## Exercise requirements
No line before the one holding "This campaign is" is to be copied; that line and all after it, through the end of the listing, are returned exactly, minus pictures.

## Data shown
------------------------------
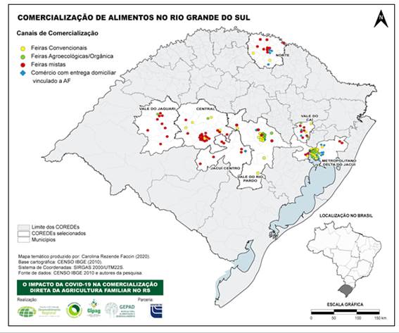 Este estudo é fruto de uma pesquisa de caráter exploratório com a coleta de dados qualitativos e quantitativos. O trabalho partiu de um mapeamento dos canais de comercialização, em especial feiras e venda com entrega domiciliar vinculados à agricultura familiar, tendo como fonte de dados pesquisas previamente realizadas pelos membros da equipe de pesquisadores, sites de prefeituras e iniciativas cadastradas na plataforma “Mapa de Feiras Orgânicas”. A identificação dos canais de comercialização também contou com o apoio e participação dos escritórios regionais e municipais da Emater-RS/ASCAR, que através do envolvimento de seus extensionistas rurais, facilitaram o contato com os gestores das feiras.
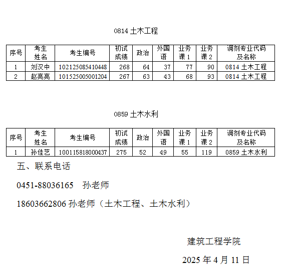 best365足球官网2025年硕士研究生土木工程(0814)、土木水利(0859)第三轮调剂复试考生名单
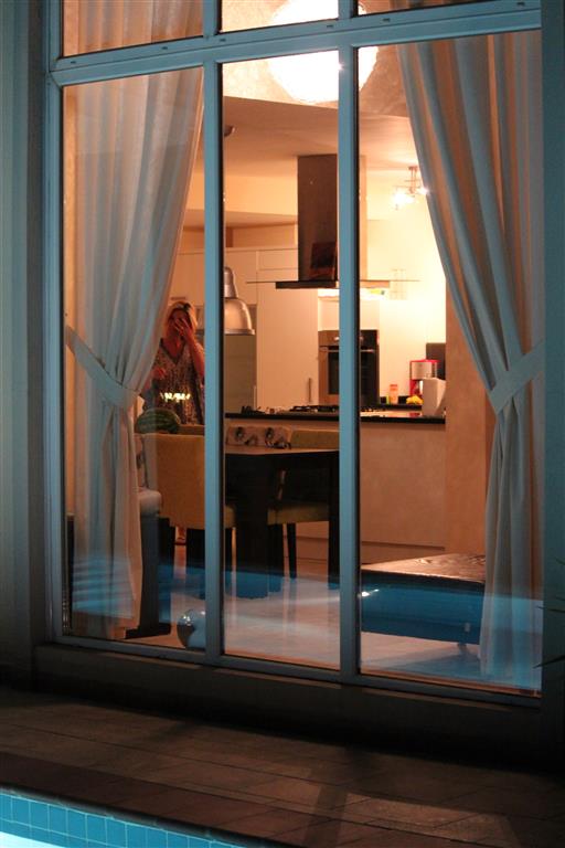In the living room there is a gallery with a glass window 4 meters high.
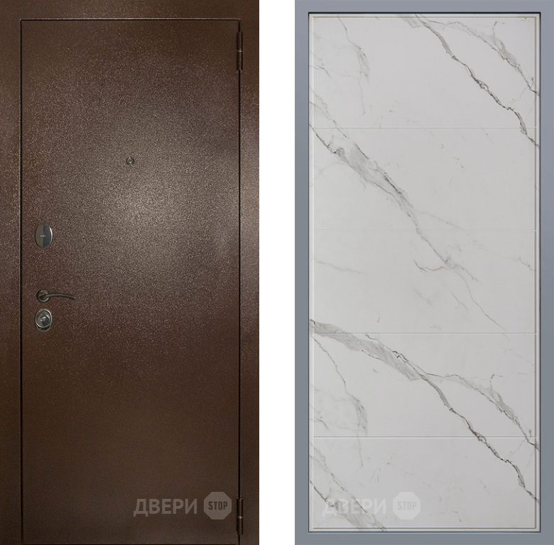 Входная Дверь Заводские двери Эталон 3к антик медь Тривия Мрамор белый 860x2050 мм
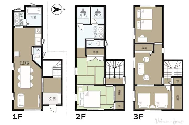 市中心私享独栋别墅 ・难波站直达2分/梅田直达14分・2浴室・2 卫生间最大入住10人
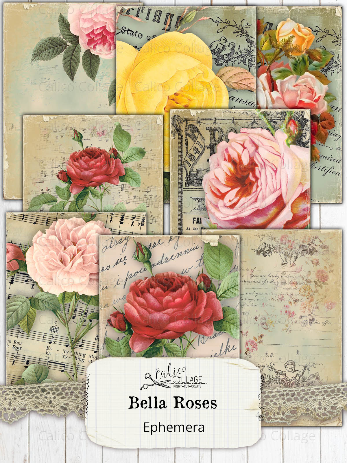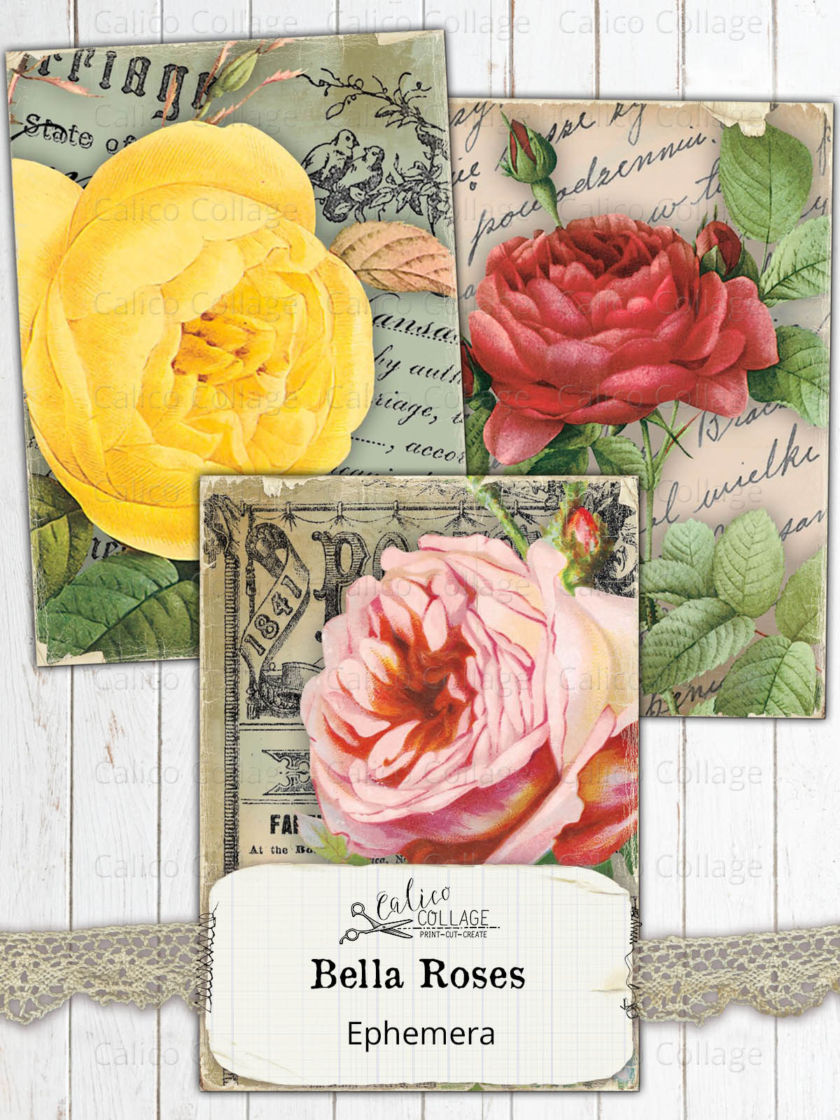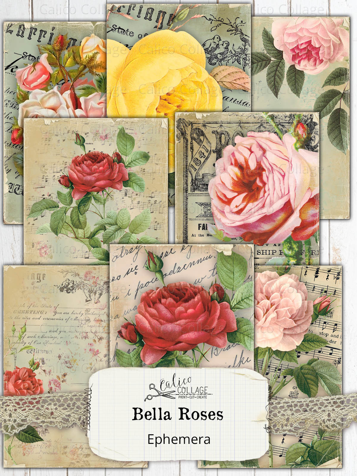 Pretty vintage styled Rose Ephemera. These ephemera cards would be perfect for junk journals, journaling cards, jewelry cards and so much more!
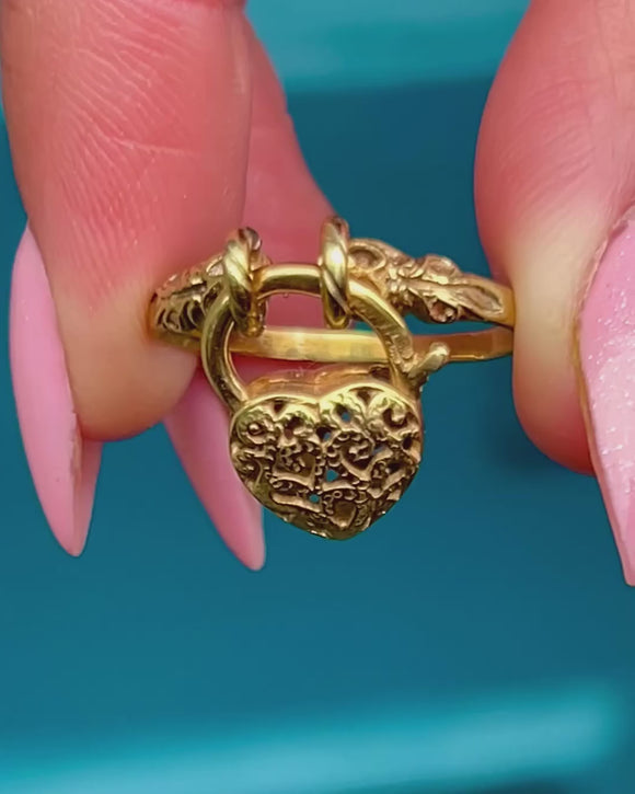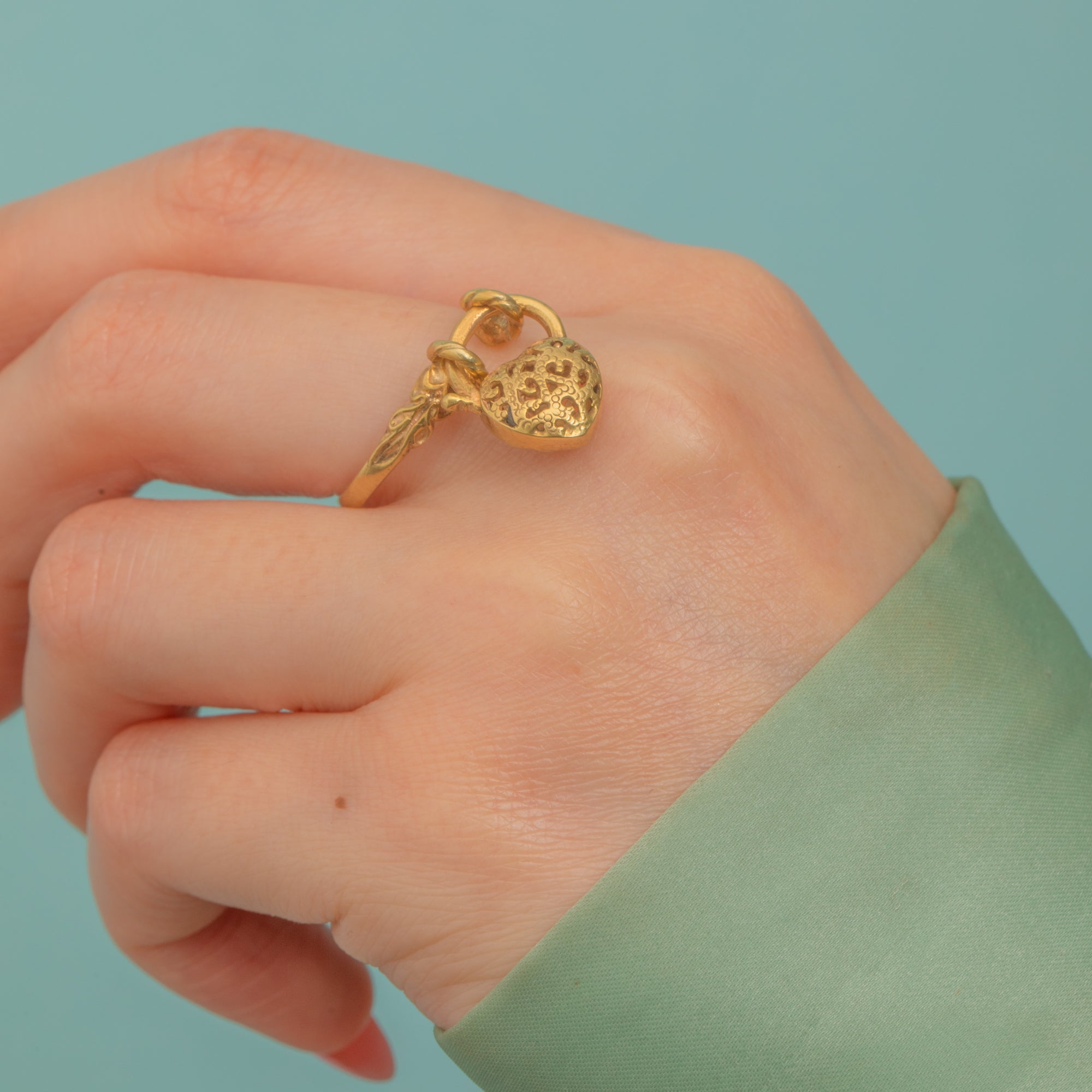 Meticulously crafted from buttery 9ct Gold, this vintage ring features a charming openwork heart padlock suspended from an intricately engraved curvaceous band.
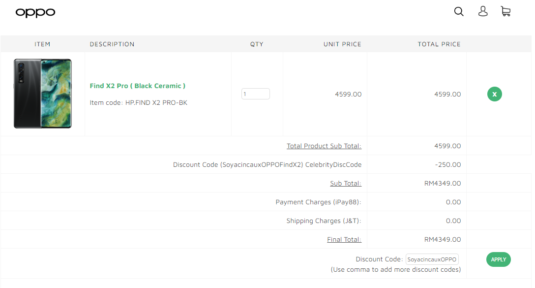 This campaign is running from today, 19th March until the 31st of March 2020 and Oppo is giving a total of RM10 million worth of discounts. This promotion is only available on the official Oppo Online Store and below are the promo codes:
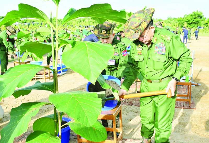 သဘာဝပတ်ဝန်းကျင်အား ထိန်းသိမ်းနိုင်စေရန်နှင့် ရာသီဥတုကို အထောက်အကူဖြစ်စေရန်၊ အရိပ်အာဝါသရရှိစေရန်၊ နိုင်ငံ့စီးပွားရေးအတွက် တစ်ဖက်တစ်လမ်းမှ အထောက်အကူဖြစ်စေရန်ရည်ရွယ်၍ ကာကွယ်ရေးဦးစီးချုပ်ရုံး (ကြည်း၊ ရေ၊ လေ) မိသားစုများနှင့် တိုင်းစစ်ဌာနချုပ်အသီးသီးတို့တွင် ၂၀၁၁ ခုနှစ်မှစ၍ နှစ်စဉ် မိုးရာသီတစ်အုပ်တစ်မ သစ်ပင်စိုက်ပျိုးပွဲများ ကျင်းပပြုလုပ်လျက်ရှိသည်။
------------------------------
## Answer space
 This campaign is running from today, 19th March until the 31st of March 2020 and Oppo is giving a total of RM10 million worth of discounts. This promotion is only available on the official Oppo Online Store and below are the promo codes:
 သဘာဝပတ်ဝန်းကျင်အား ထိန်းသိမ်းနိုင်စေရန်နှင့် ရာသီဥတုကို အထောက်အကူဖြစ်စေရန်၊ အရိပ်အာဝါသရရှိစေရန်၊ နိုင်ငံ့စီးပွားရေးအတွက် တစ်ဖက်တစ်လမ်းမှ အထောက်အကူဖြစ်စေရန်ရည်ရွယ်၍ ကာကွယ်ရေးဦးစီးချုပ်ရုံး (ကြည်း၊ ရေ၊ လေ) မိသားစုများနှင့် တိုင်းစစ်ဌာနချုပ်အသီးသီးတို့တွင် ၂၀၁၁ ခုနှစ်မှစ၍ နှစ်စဉ် မိုးရာသီတစ်အုပ်တစ်မ သစ်ပင်စိုက်ပျိုးပွဲများ ကျင်းပပြုလုပ်လျက်ရှိသည်။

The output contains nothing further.